= Description of the task =
Could you copy word for word only the lines between the one containing "童趣雕像制作,人物铜雕定制,小孩拔河雕塑" and the end of the listing below, both included, and leave out the pictures?

= Data listing =

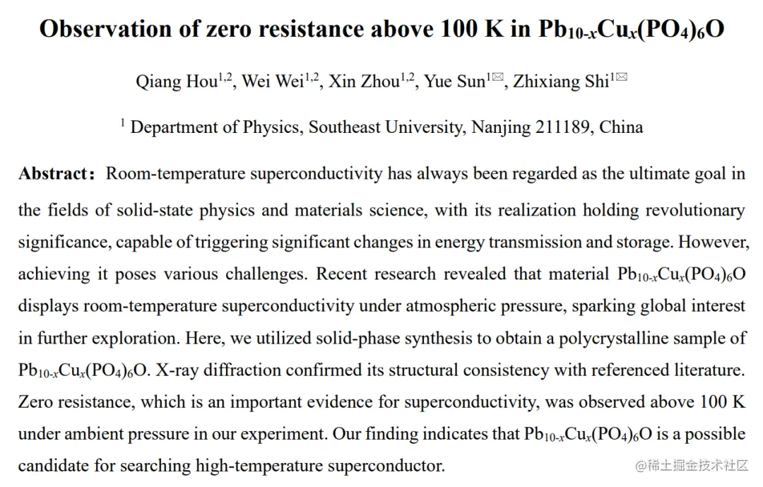 目前,这篇论文已经提交至了预印本网站 arXiv。作者来自东南大学物理学院超导研究团队,由三名学生侯强、魏伟、周鑫以及孙悦教授、施智祥教授共同完成。
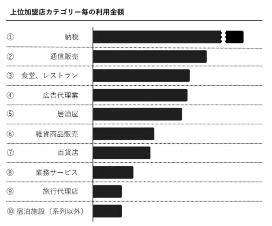 | 利用額上位の加盟店カテゴリは「通信販売(EC)」「レストラン」「広告代理業」。レストランや百貨店では比較的高単価の加盟店が目立つ傾向にあります。 | ||||||||||||||
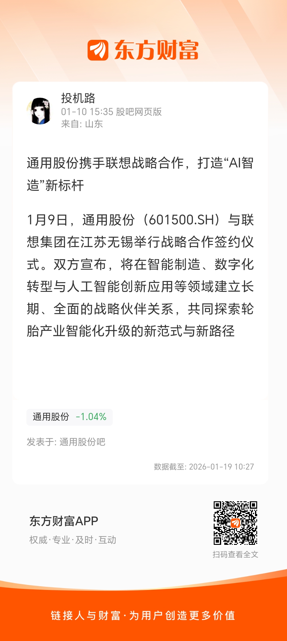 1月9日,通用股份(601500.SH)与联想集团在江苏无锡举行战略合作签约仪式。双方宣布,将在智能制造、数字化转型与人工智能创新应用等领域建立长期、全面的战略伙伴关系,共同探索轮胎产业智能化升级的新范式与新路径
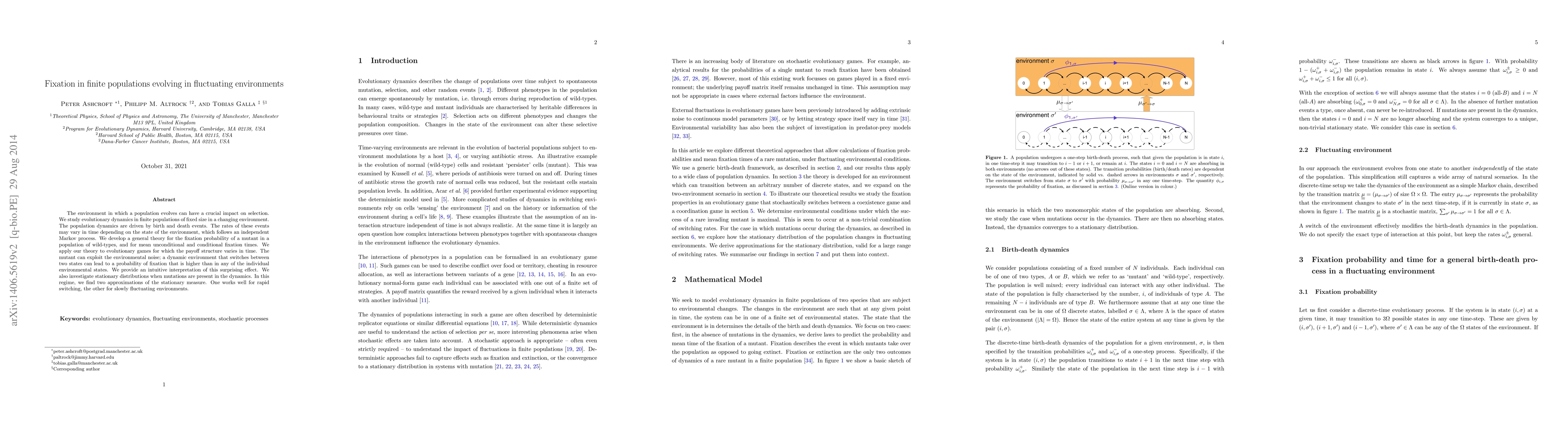 This paper develops a theory for evolutionary dynamics in finite populations, focusing on fixation probabilities and times for mutants in fluctuating environments. It reveals that environmental noise can enhance fixation probabilities, providing intuitive explanations and approximations for stationary distributions under different environmental fluctuation rates.
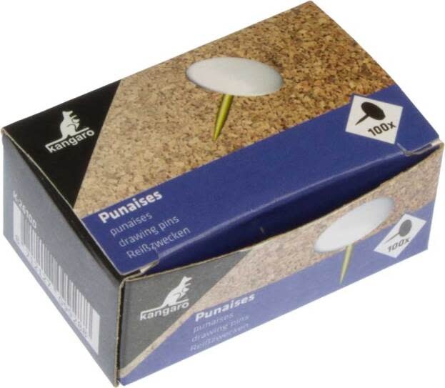 Kangaro: Duimspijkers, doosje met 100 stuks - Wit
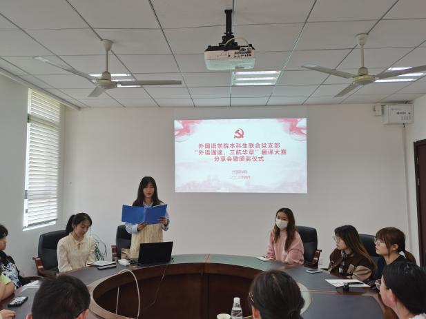 为学习贯彻习近平新时代中国特色社会主义思想,教育引导广大学生党员坚持学思用贯通、知信行统一,4月26日,必赢国际437官网本科生联合党支部“外语通途,三航华章”翻译大赛分享会暨颁奖仪式在必赢国际437官网327会议室举行。学院英日联合党支部书记钟勇、英日联合党支部纪检委员信慧敏、本科生联合党支部书记彭欢及本科生党员、入党积极分子获奖代表参加了本次活动。
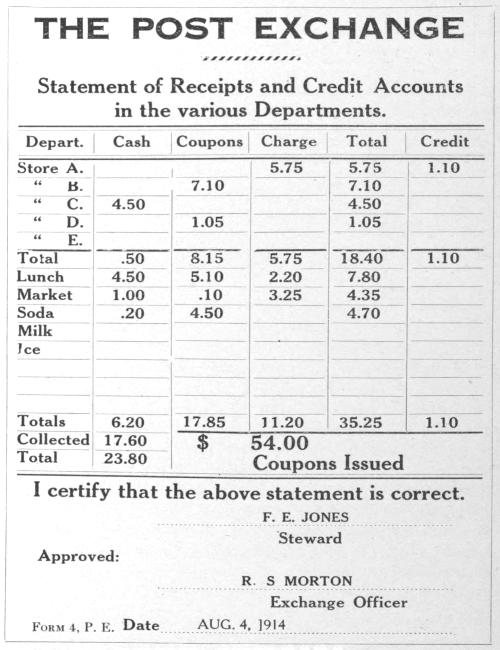 Our Post Exchanges are usually in charge of officers with little or no experience in book-keeping, their assistants are usually enlisted men and not professional clerks and accountants, and there is, at present, no codified or standard system prescribed for handling this business. Some parts of the Post Exchange Regulations have become antiquated through the developments of modern business methods such as the “Voucher Check System”.
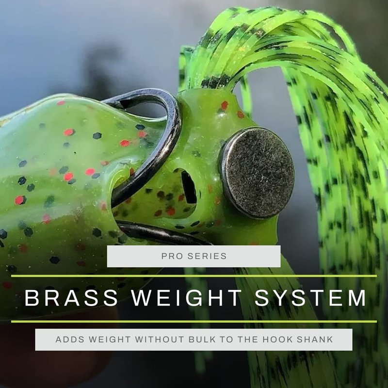 • The hook is a premium, super sharp 4/0 Owner frog hook, which is pointed slightly up to increase your hooking percentage
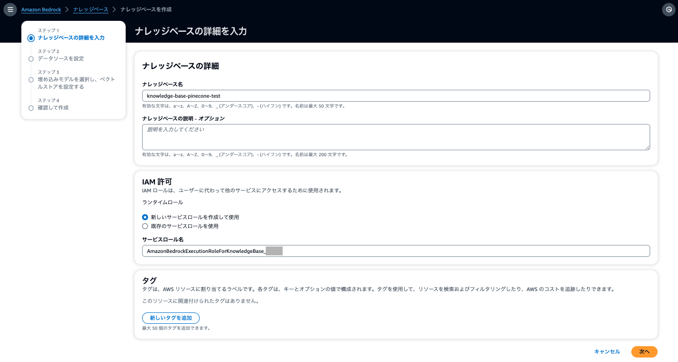 ステップ 1 の “ナレッジベースの詳細を入力” 画面で “ナレッジベース名” (knowledge-base-pinecone-test など) を入力して、右下の “次へ” をクリックします。
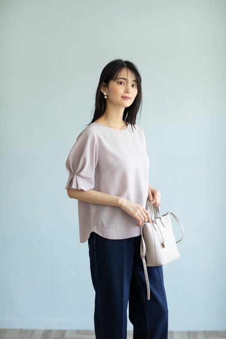発売から3シーズン目となる今年、累計販売数8万枚を突破した人気のタックスリーブブラウスは、これからの季節に向けて嬉しい機能付きの麻調合繊素材“タンブラーブッチャー”を使用した、オン・オフ共に活躍するアイテムです。
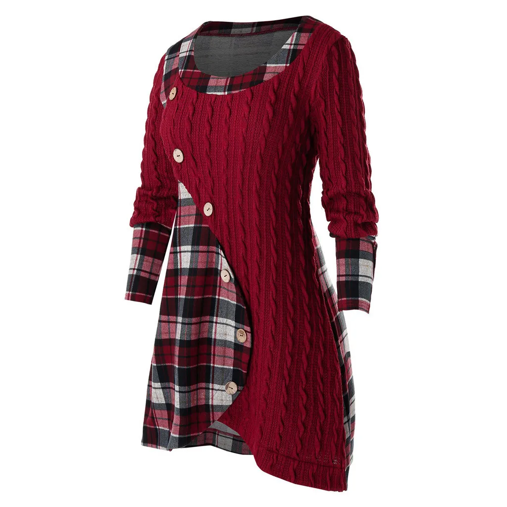 1 Особенности: размера плюс, о-образный вырез, длинный рукав, однотонный, с пуговицами, ажурный, асимметричный, топы, блузки, модный свитер
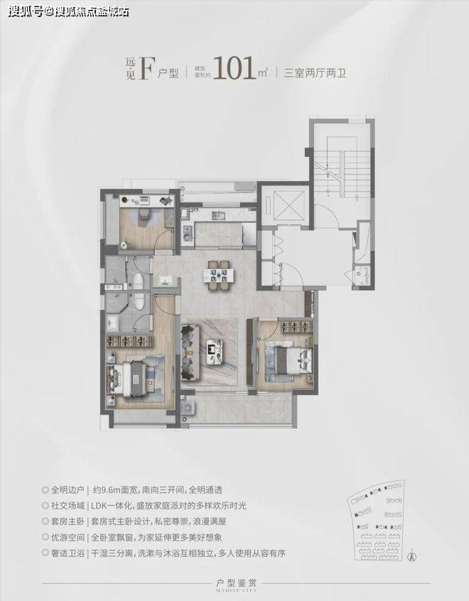 远·见建筑面积约101㎡F户型
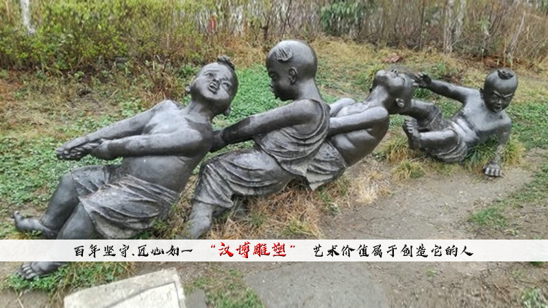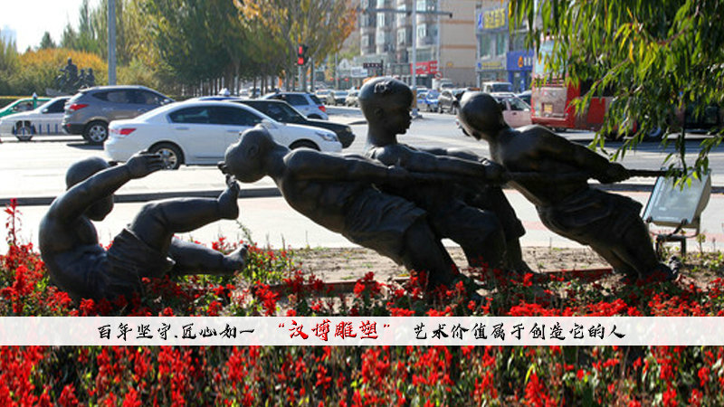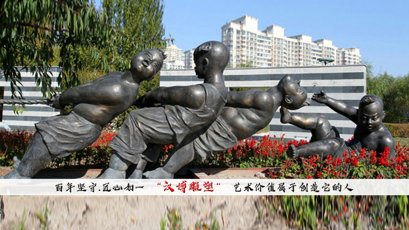 童趣雕像制作,人物铜雕定制,小孩拔河雕塑
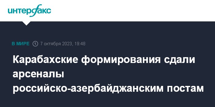 Карабахские формирования сдали арсеналы российско-азербайджанским постам

= Result below =
 童趣雕像制作,人物铜雕定制,小孩拔河雕塑
 Карабахские формирования сдали арсеналы российско-азербайджанским постам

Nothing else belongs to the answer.